INCORPORATED VILLAGE OF PLANDOME MANOR, respondent, v. John IOANNOU, appellant.

Decided: August 12, 2008

A. GAIL PRUDENTI, P.J., JOSEPH COVELLO, RUTH C. BALKIN, and THOMAS A. DICKERSON, JJ. Sahn Ward & Baker, PLLC, Uniondale, N.Y. (Thomas McKevitt and Michael H. Sahn of counsel), for appellant. Farrell Fritz, P.C., Uniondale, N.Y. (Bruce N. Roberts and Franklin C. McRoberts of counsel), for respondent.

In an action pursuant to Village Law § 7-714, inter alia, to permanently enjoin the defendant from, among other things, constructing any structure for which no permit has been issued, or which is the subject of a stop work order or a revoked permit, or from occupying any structure for which no certificate of completion or occupancy has been issued, the defendant appeals from an order of the Supreme Court, Nassau County (Martin, J.), entered April 6, 2007, which granted the plaintiff's motion to hold him in civil contempt for violating a temporary restraining order of the same court (Jonas, J.), dated June 27, 2006, and imposed a fine in the amount of $250 plus the costs and expenses incurred by the plaintiff in making the motion.

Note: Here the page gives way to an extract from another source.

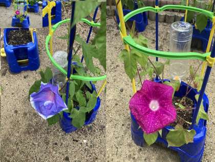 1年 アサガオが元気にさいたよ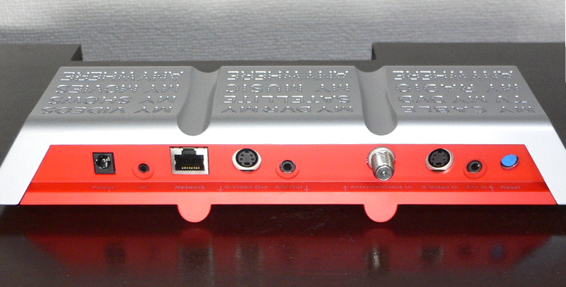 本体背面の端子はシンプル。AV入力はビデオ端子・ステレオをまとめた専用ケーブルとS端子を搭載。スルー出力もある

ORDERED that the order entered April 6, 2007, is modified, on the law, by adding to the first sentence of the last paragraph on page two thereof the words “and that the defendant's conduct was calculated to, or actually did, defeat, impair, impede or prejudice the rights or remedies of the plaintiff”;  as so modified, the order is affirmed, with costs to the plaintiff.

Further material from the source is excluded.